In Malawi, the government has revised its economic growth forecast for 2025 downward, following major protests in urban centers against rising prices. Protesters, primarily street vendors, have expressed their dissatisfaction with the government’s inability to manage double-digit inflation, claiming it threatens their livelihoods. As demonstrations spread from Lilongwe to Blantyre, jobless youths have joined in, voicing their discontent with President Lazarus Chakwera’s administration.

During a recent budget speech, Finance Minister Simplex Chithyola Banda announced that the economy’s growth is now projected at 3.2 percent for 2025, a decrease from 4.0 percent previously anticipated in December. The growth rate for the past year was only 1.8 percent due to severe drought conditions that negatively impacted agricultural productivity, a cornerstone of Malawi’s economy. Currently, inflation stands at 28.5 percent, exacerbated by foreign exchange shortages that hinder essential imports, leading to a burgeoning black market for foreign currency.

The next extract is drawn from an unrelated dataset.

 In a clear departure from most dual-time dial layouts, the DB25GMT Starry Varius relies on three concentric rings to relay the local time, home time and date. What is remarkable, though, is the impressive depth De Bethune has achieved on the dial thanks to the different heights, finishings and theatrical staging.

To alleviate foreign exchange shortages, the government aims to enhance production in key sectors such as agriculture, tourism, and mining. Furthermore, Minister Banda stated that a national anti-crime unit would be established to tackle the black market for currency. The fiscal year’s budget deficit is projected at 9.6 percent of GDP, with the next year’s estimate slightly lower at 9.5 percent of GDP.

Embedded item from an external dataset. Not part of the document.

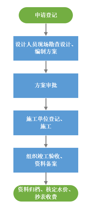 勘察后,用戶所住地改造水表影響道板,柏油路,小區主干道的,由用戶自行到相關部門(轄區交警大隊、城管局等)辦理刨掘、占用路面手續。

Public debt currently hovers around 86 percent of GDP as the government seeks to finalize debt-restructuring negotiations. According to Minister Banda, “Government in principle has reached agreements with all official bilateral creditors and is still negotiating with commercial creditors to restructure debt.” Completing these negotiations could alleviate pressure on foreign exchange and create necessary fiscal space for productive investments.

In summary, Malawi’s government has revised its economic growth forecasts due to widespread public protests over inflation and rising costs. The Finance Minister outlined strategies to improve the economy amidst high inflation and increasing public debt. Addressing these economic challenges involves boosting key sectors and finalizing debt negotiations to enhance fiscal stability.